Thailand - Waedueramae Mamingchi was educated for eight years in Saudi Arabia, studying Arabic and the precepts of Islam before returning to his home in southern Thailand.
The Saudi stint greatly enhanced his standing among his community. But in the fear-filled post-9/11 world, Muslim leaders like Waedueramae say schooling and spiritual guidance in the Middle East has made them suspect in the eyes of the Thai government as it battles an Islamic separatist insurgency in the south.
"When we go to learn abroad, they say we went to learn to be terrorists," said Abdulraman Abdulsamad, another respected Muslim leader. "They accuse us of going to train to be terrorists."
Prejudices, say local Muslims, were in evidence in early February when army rangers raided the grounds of an Islamic school owned and run by Waedueramae after a soldier was shot to death about 800 yards away.
"The soldiers continued to search, and this is why we got upset. Villagers came and watched this," Waedueramae, who lives on the premises, said.
Heavy-handed government attempts against escalating violence have sharpened tensions between Muslims — a majority of the population in Thailand's southernmost provinces of Narathiwat, Pattani and Yala — and officials, recruited mainly from Thailand's Buddhist majority.
The government denies it is targeting Arab-educated Muslims.
"That is not true," government spokesman Jakrapob Penkair said. "If that were the thought of the government, all students who go abroad to further their education would be barred."
Thai Muslim complaints of discrimination in jobs and education have long provided fodder for a separatist movement that died down only in the in the late 1980s after a government amnesty. It resurfaced two years ago but was confined to sporadic and ill-planned attacks.
Separatism has deep local roots in the south. Historically, the three provinces were part of the Muslim kingdom of Pattani, which was annexed by Thailand in 1902.
About 90 percent of Thailand's 63 million people are Buddhists.
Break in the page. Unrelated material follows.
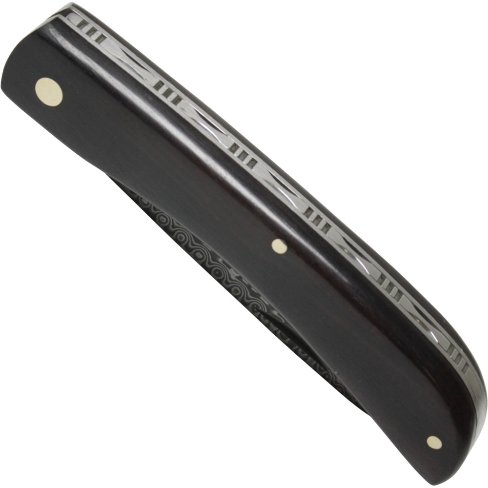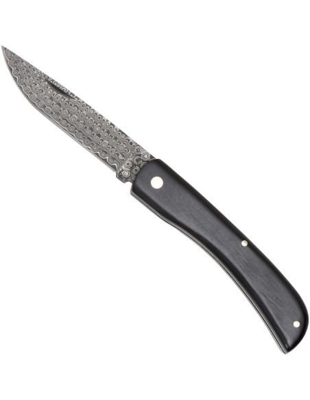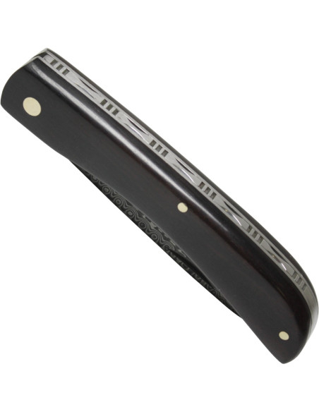The ebony handle offers a warm touch and an elegant dark finish, its slight curve adapting to the hand for a secure grip without effort, while the visible rivets ensure solidity with every use. The narrow and compact design makes it easy to carry in your pocket without discomfort, ready for daily tasks or to accompany you on outings.

No evidence points to the involvement of foreign terrorist groups, but there are fears that the separatists could link up with al-Qaida linked groups like Jemaah Islamiyah.
A Jan. 4 attack on an army camp in Narathiwat in which four soldiers were killed and hundreds of guns stolen showed unprecedented sophistication and organization among the insurgents previously labeled bandits by the government.
Since then, at least 56 people have been killed in hit-and-run attacks by gunmen and violence in the south has suddenly become Thailand's biggest domestic security challenge in decades.
Muslim leaders say they are being scrutinized because authorities assume that a Saudi education means "Saudi-trained" Islamic radical leaning. If a leader studied in Pakistan or Afghanistan, he is treated with even more suspicion.
Waedueramae, who is the chairman of Pattani province's Islamic Council, said most prominent Thai Muslims including politicians and civil servants have been educated in the Arab world.
Following the raid on Waedueramae's school, provincial Islamic Council leaders announced they would stop cooperating with the government. They relented after Prime Minister Thaksin Shinawatra assured them that security forces would be more careful.
Islamic schools, known as "pondoks," offer religious education, a regular curriculum and language training in Arabic and the local Yawi dialect. They provide an alternative to a government-run secular schools, where the language is Thai.
Experts say much of the Muslim alienation is because of the government's failure to alleviate their poverty and to recognize their distinct culture and language, Yawi, a dialect of Malay.
As a result, many Thai Muslims have looked to the Arab world for education, funding and guidance, rather than to Bangkok.
Each year, 300 Thai Muslims win scholarships from institutions in Saudi Arabia, Egypt, Jordan and other Middle Eastern countries, while another 200 are funded in other Muslim countries, including Brunei, Sudan and Indonesia.
Some families have sent abroad generations of sons who become imams at mosques and directors or teachers at pondoks. These teachers place more emphasis on study of Arabic and the Quran.
The Middle Eastern influences also have spilled over into everyday life.
Islamic practices in southern Thailand used to be mixed with local traditions. These customs are now being branded un-Islamic by clerics.
Until a few years ago, women rarely wore headscarves. But the foreign-returned Muslims are insisting on purer form of Islam such as "hijab" for women and regular attendance at mosques.
Vairoj Phiphitpakdee, a Muslim member of Parliament for Pattani, said some Thai Muslims mistakenly believe the religion is about adopting the Arab culture
"They're taken to the Middle East, and they're brainwashed," he said.